Ces situations sont démultipliées par le nombre d’élèves et de classes. Rappelons que nous assurons :

- la gestion des rendez-vous avec les familles au quotidien (rendez-vous qui se déroulent essentiellement le matin et le soir en dehors du temps de classe),

- les admissions des nouveaux élèves et accueil des enfants et leurs familles en maternelle,

- la mise à jour quotidienne pour chaque élève des informations figurant sur le logiciel ONDE (nouvelle version de Base élèves),

- l’accueil des familles dont les enfants présentent une situation de handicap,

- l’accueil des familles et des élèves non francophones,

- la gestion des Projets d’Accueil Individualisés et la transmission des informations au médecin scolaire et aux enseignants,

- la gestion des situations de conflits au quotidien,

- l’organisation pédagogique,

- l’organisation des équipes éducatives, de suivi pour les élèves en difficulté et élèves en situation de handicap,

- l’organisation des conseils des maîtres, conseils de cycles, conseils d’école,

- l’élaboration et le suivi des projets d’école,

- la gestion et l’organisation du service des ATSEM,

- la gestion du budget municipal consacré aux commandes de matériel,

- l’édition des volets 1 et 2 et la saisie des renseignements des élèves de CM2 sur AFELNET ainsi que la gestion des dossiers de dérogation

- la gestion des élèves des classes des enseignants non remplacés

- la gestion des informations avec les différents services municipaux : scolaire, restauration, services techniques...

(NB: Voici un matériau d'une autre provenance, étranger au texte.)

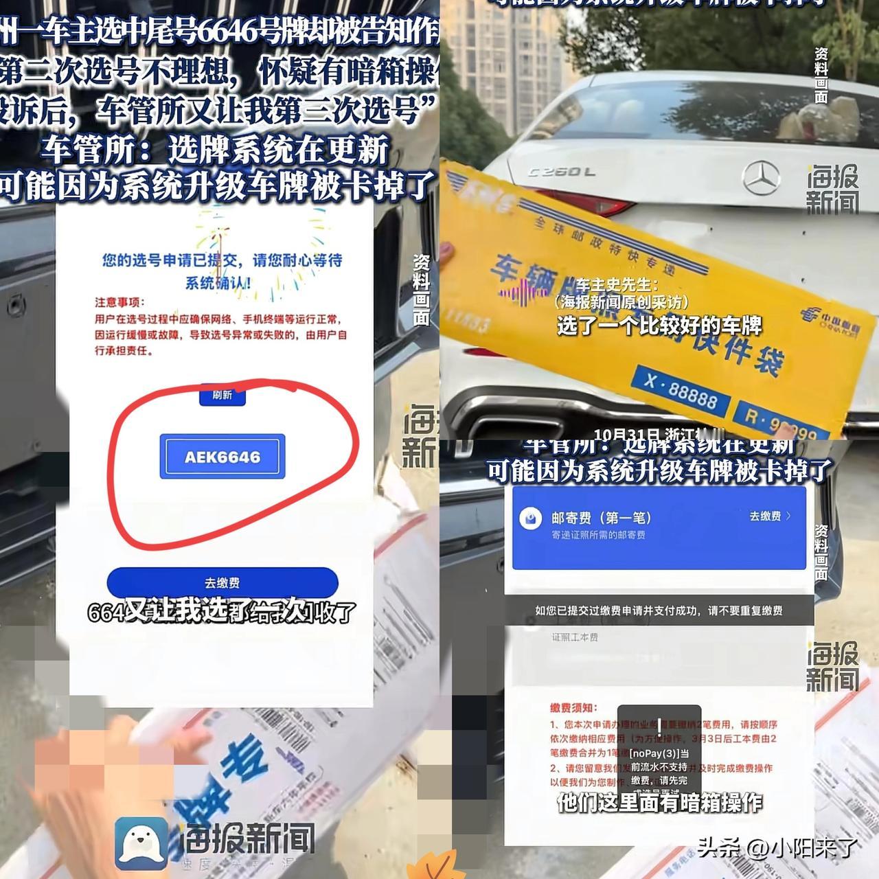 “这下真的解释不清了!”浙江杭州,男子摇车牌号,摇出了一个“6646”,车主觉得这号挺好,可下一秒系统突然提示号码作废,非得让重新选! 可好运哪能说来就来,第二次摇的车牌平平无奇,大哥越想越憋屈,直接投诉车管所,怀疑藏着“暗箱操作”。 没成想反转来得太快,车管所调查后竟是系统出了故障,还无奈承诺等系统维护好让他再摇一次! 网友也纷纷调侃:“6646又不是6666,犯不着暗箱操作”“这反应也太心急了”! 其实这事也提醒大家:遇到糟心事别先急着下结论,冲动质疑反而容易闹乌龙! 摇号这种事情靠系统,肯定都是随机的,还是运气占比比较大吧!
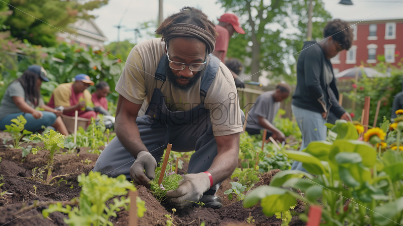 A diverse group of volunteers works together in a community garden, planting vegetables and flowers with care and teamwork. Their faces are radiant with pride and fulfillment as they nurture their shared green space.
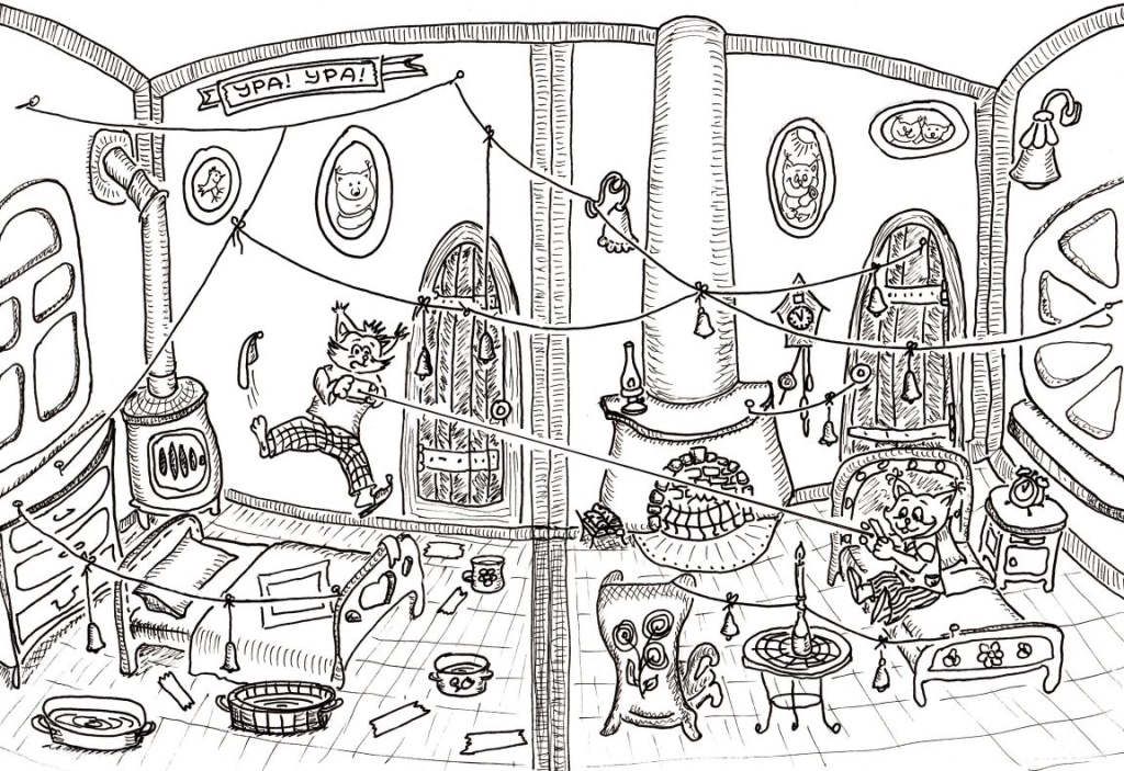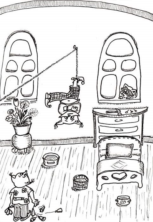 Тем временем Какангел взял моток ниток и побежал в свою комнату.
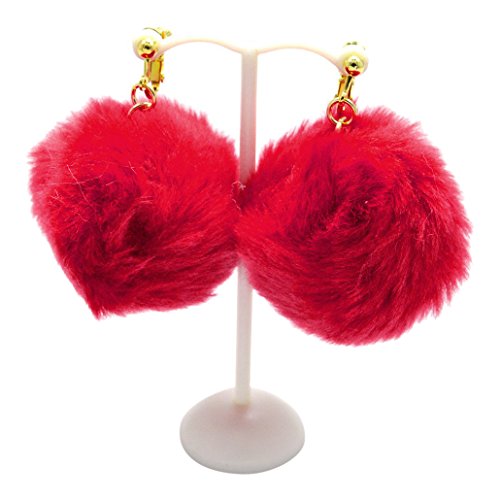 -. Title : カラー ファー ポンポン イヤリング
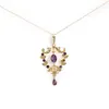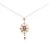 Edwardian 9ct gold amethyst and seed pearl openwork pendant and chain
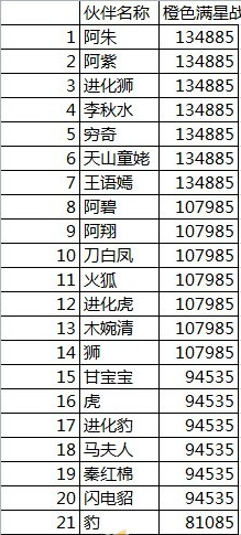 下面嘟嘟奉献上各个伙伴橙色满星战力表~小伙伴不要吓尿哦~
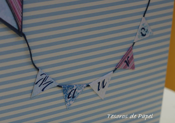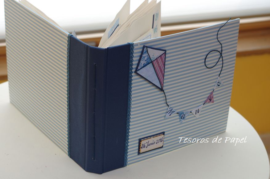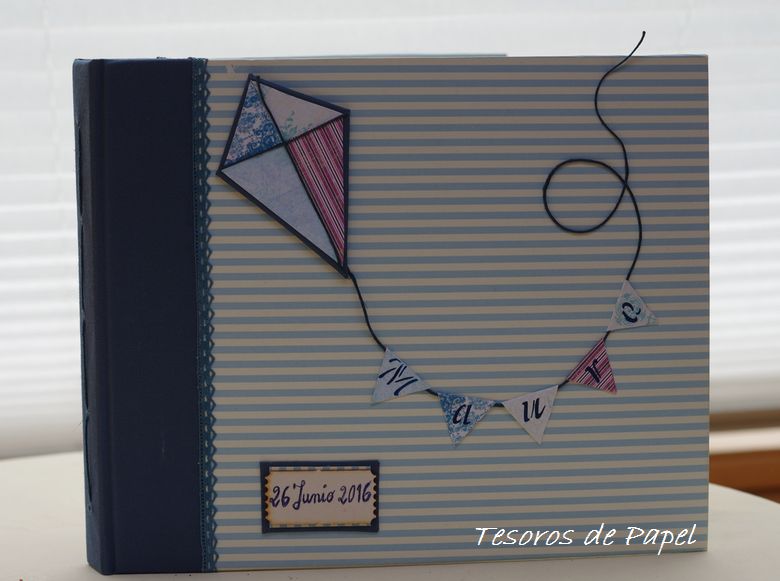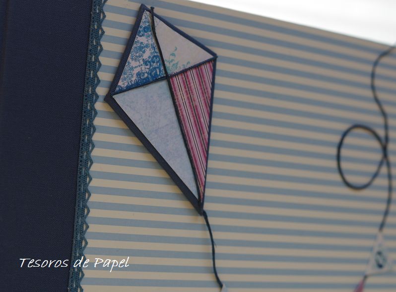 Aquí hemos sido un poco clásicas, y hemos utilizado tonos azules, rayas... y como motivo central una gran cometa.

- la transmission des informations émanant de l’Inspection académique,

- la responsabilité de la sécurité des bâtiments et de la sécurité des enfants : élaboration des PPMS (projet Particulier de Mise en Sureté), DUER (Document Unique d’Evaluation des Risques)...

Nous savons lire et nous savons ce que signifie le projet d’article L. 421-19-19 du code de l’Education (article 6 quater du projet de loi), qui stipule que : « Les établissements publics locaux d'enseignement des savoirs fondamentaux sont dirigés par un chef d'établissement qui exerce simultanément les compétences attribuées au directeur d'école par l'article L. 411-1 et les compétences attribuées au chef d'établissement par l'article L. 421-3. Un ou plusieurs chefs d'établissement adjoints, dont un au moins est chargé des classes du premier degré, exercent aux côtés du chef d'établissement."

Si les compétences qui sont aujourd’hui celles des directeurs (définies par l’article L411.1) étaient exercées demain par le principal et son adjoint, il est clair qu’il n’y aurait plus de professeur des écoles directeur d’école dans chaque école. C’est indéniable ! Et la consultation, voire l’approbation, de la constitution d’un EPSF par la communauté éducative n’y changera rien.

Nous ne sommes ni principaux adjoints, ni responsables de site, nous sommes professeurs des écoles chargés de direction et nous voulons le rester.

Nous voulons que cessent les tentatives de regroupements d’établissements scolaires (avec ou sans consultation de la communauté éducative) et que soit maintenu un directeur, avec toutes ses prérogatives, dans chaque école.

Nous voulons que les décharges indispensables pour les directeurs du Val-de-Marne qui ont été supprimées dans un ¼ des écoles du département depuis la rentrée scolaire 2018 par ceux-là mêmes qui nous invitent à leur apporter notre confiance, soient rétablies.

Nous voulons que le régime indemnitaire lié à la fonction de directeur soit revalorisé et que les aides administratives à la direction d’école soient rétablies.

Nous voulons, avec tous nos collègues professeurs des écoles, que le projet de loi mal nommé « école de la confiance » qui met en cause l’existence et les fondements de notre école publique républicaine, soit retiré.